◆ TASK OBJECTIVE ◆
Please repeat exactly, and only, the lines from the one containing "正門西の駐車場の植え込みでふ" through the end of the records below, with no pictures.

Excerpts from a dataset
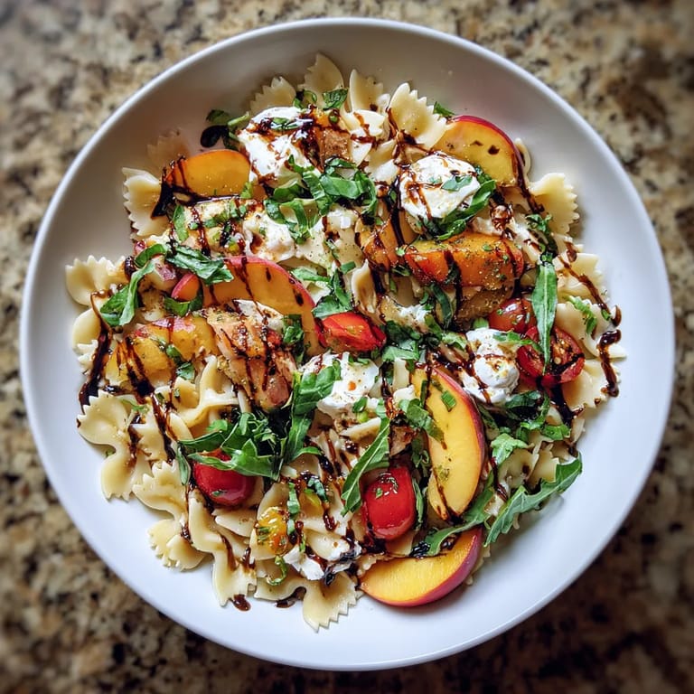 Save to Pinterest Sweet summer peaches and creamy burrata make this pasta salad sing with fresh flavors and color. Tossed with juicy cherry tomatoes, a generous heap of peppery arugula, and bright basil, everything gets balanced with a tangy balsamic honey drizzle. It is my go-to for warm evenings and gatherings that call for a dish as beautiful as it is delicious.
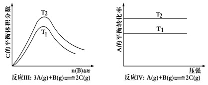 | C.反應(yīng)Ⅲ△H> 0,T2>T1;或△H<0,T2<T1 | D.反應(yīng)Ⅳ△H<0,T2>T1 |
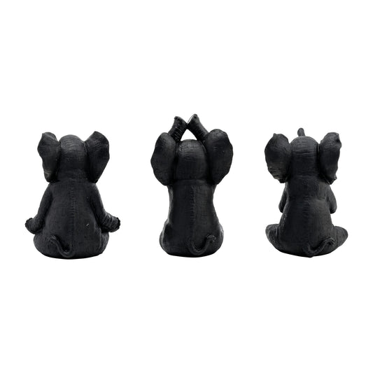 Resin, S/3, 8"h, Yoga Elephants, Blk
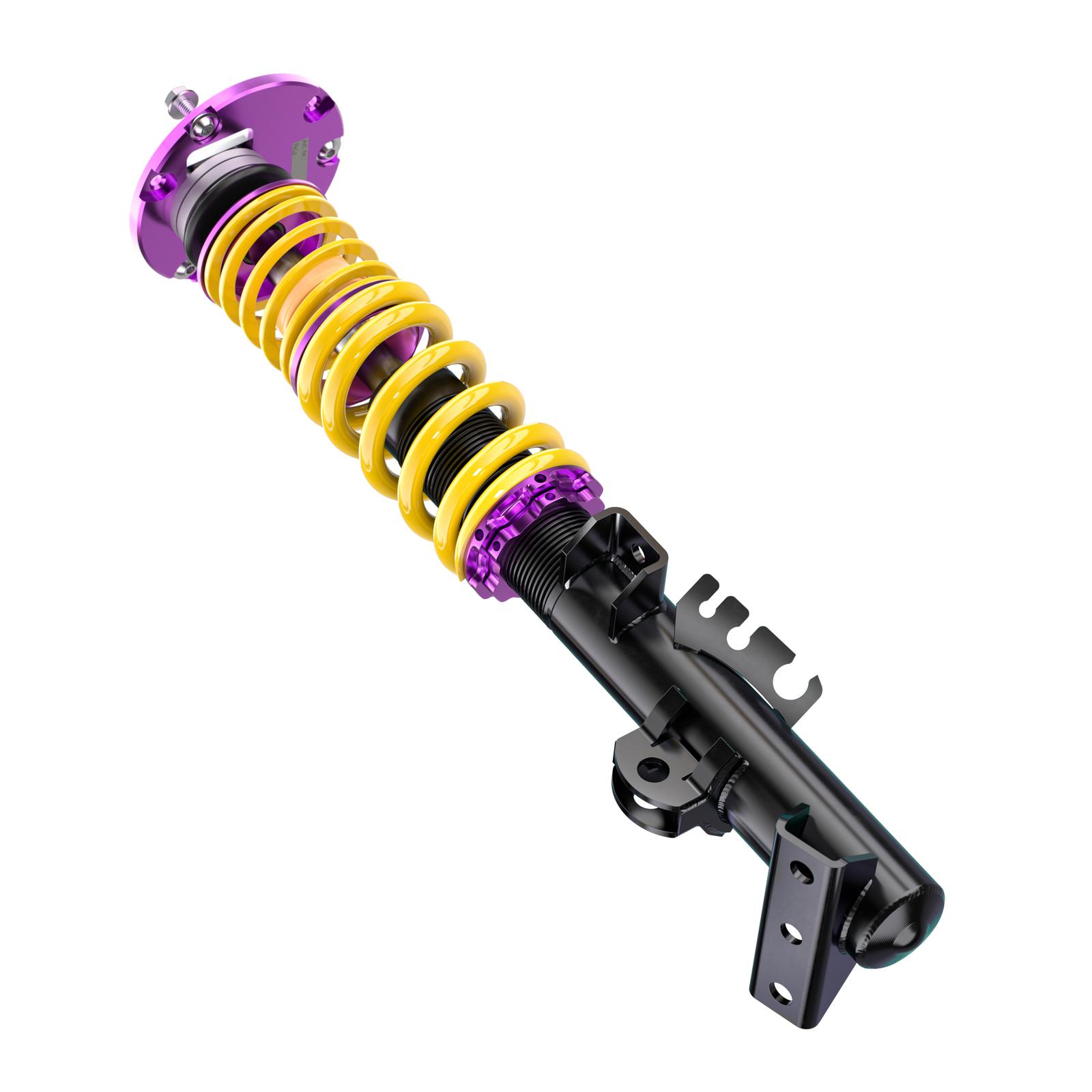 Das KW V1 Racing ist ein Rennsportfahrwerk und perfekt auf das jeweilige Fahrzeug abgestimmt. Auf Basis unserer jahrzehntelangen Erfahrung und zahlreichen Testdaten liefern wir das KW V1 Racing mit fester Druck- und Zugstufenkennung aus. Um das ideale Einsteigerfahrwerk für die Rennstrecke bieten zu können, haben wir im Rahmen des Entwicklungsprozesses besonders hohen Wert auf die Punkte Achsgeometrie, Bodenfreiheit, Dämpfungsmaß, Federraten, Federwege und Radlasten gelegt. Das KW V1 Racing kommt inklusive Domlager und ist in seiner Höhe einstellbar. Die Dämpfer bestehen aus verzinktem Stahl für optimierte Stabilität auf der Rennstrecke.
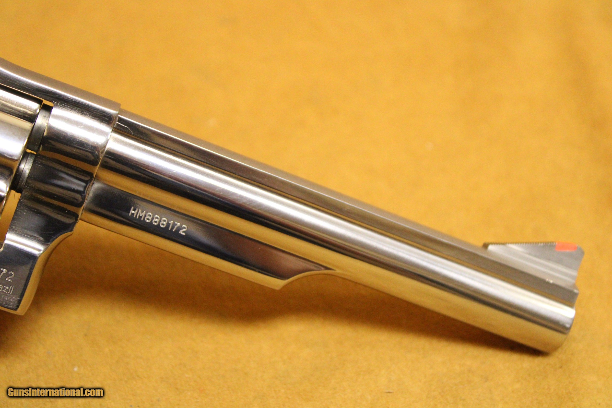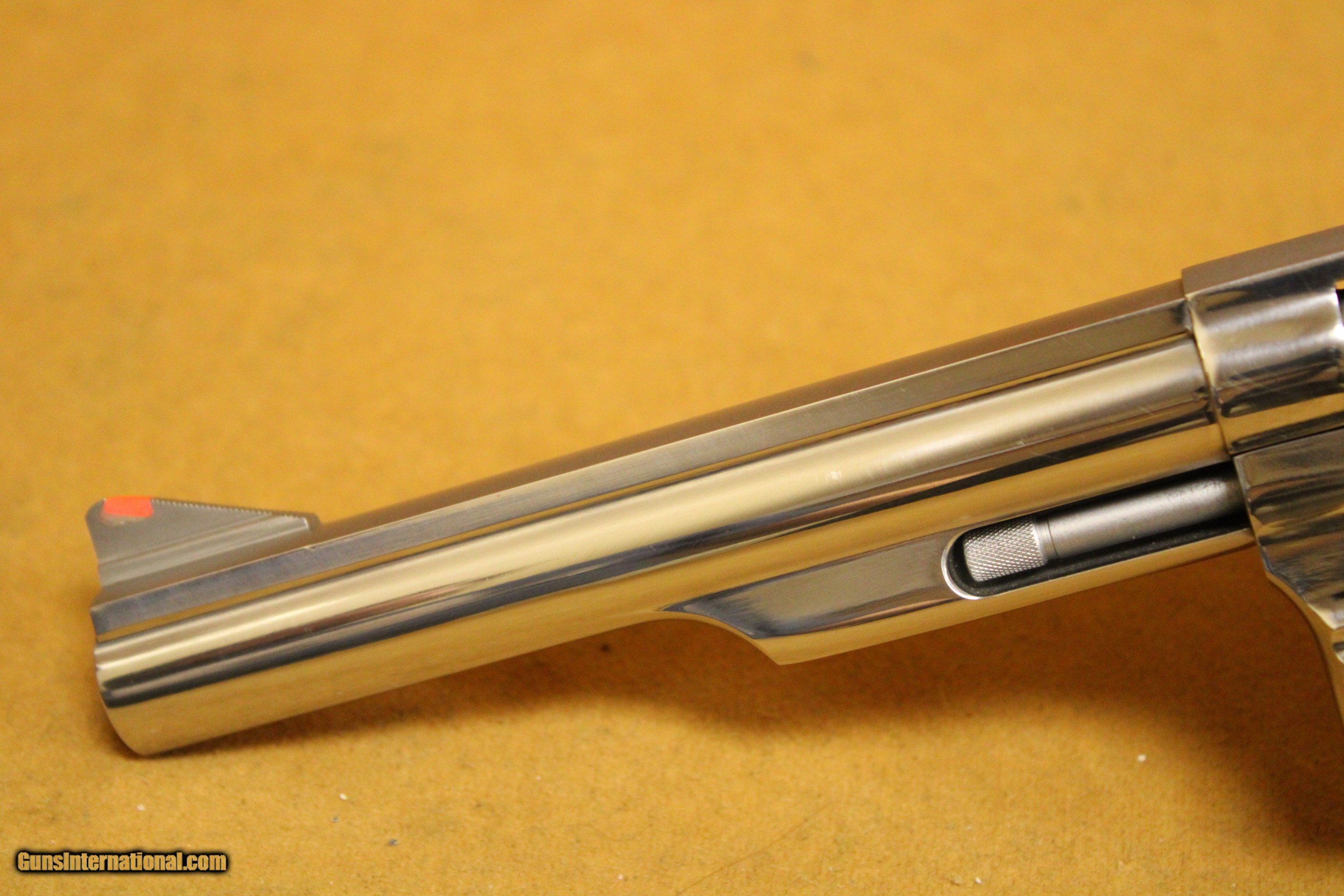 Description: This gorgeous revolver sports the discontinued 6" half-lug barrel chambered for the .357 Mag cartridge! Wearing a stunning High Polish Stainless finish, other signature features include the smooth trigger, checkered hammer, adjustable rear sight, fixed front red ramp sight, checkered cylinder release, and wood grips. No box. All items are also available for sale in our brick & mortar store and are subject to prior sale. Think long, think wrong. Payment On firearms, we typically only accept credit cards or money orders/cashier's checks.
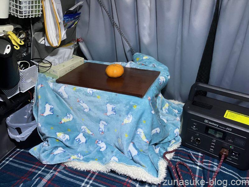 寒い季節の車中泊キャンプでは、温かい寝具やポータブルヒーターが必要です。
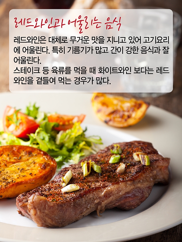 스테이크 등 육류를 먹을 때 화이트와인 보다는 레드와인을 곁들여 먹는 경우가 많다.
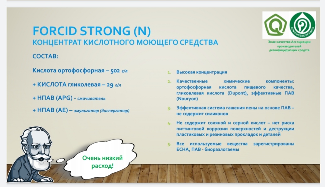 Средство обладает хорошими смачивающими и очищающими свойствами. Усиленная способность удаления окислов металлов. Средство не содержит соляную кислоту, поэтому может использоваться для очистки поверхностей из нержавеющей стали. Оптимальная температура рабочих растворов средства (25-55)°С. Концентрация рабочих растворов от 0,5%. Отличный экологический профиль.
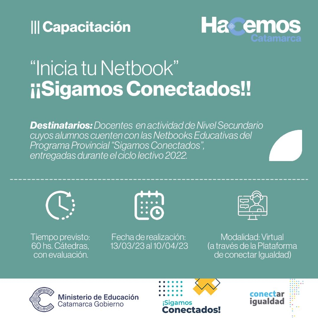La capacitación virtual, dará inicio el lunes 13 de marzo hasta el lunes 10 de abril, a través de la “Plataforma Conectar Igualdad”, tendrá una duración de 5 semanas con una carga horaria de 60 horas cátedra con evaluación final. Los interesados en participar de la propuesta podrán inscribirse a través del siguiente link:
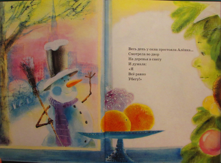 Мне очень понравилась идея оформления обложки. Смотрите. Книжка зимняя. На обложке книги нарисованы естественно снежинки. И эти же снежинки участвуют в написании названия книги.
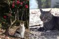 正門西の駐車場の植え込みでふたりのサビさん。 左はタンタンのお母さんで、右がエリーズサビちゃんかな。自信無し。(汗
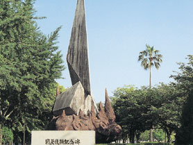 甲突川左岸、高見橋の近くにスッと尖鋭に立ち上がった特異な塔がある。昭和20年(1945)6・17の夜23時、B29の大規模な焼夷弾攻撃があり鹿児島市全部が一夜にして焼け野が原になった記念塔だ。

◆ SOLUTION TO THIS EXERCISE ◆
 正門西の駐車場の植え込みでふたりのサビさん。 左はタンタンのお母さんで、右がエリーズサビちゃんかな。自信無し。(汗
 甲突川左岸、高見橋の近くにスッと尖鋭に立ち上がった特異な塔がある。昭和20年(1945)6・17の夜23時、B29の大規模な焼夷弾攻撃があり鹿児島市全部が一夜にして焼け野が原になった記念塔だ。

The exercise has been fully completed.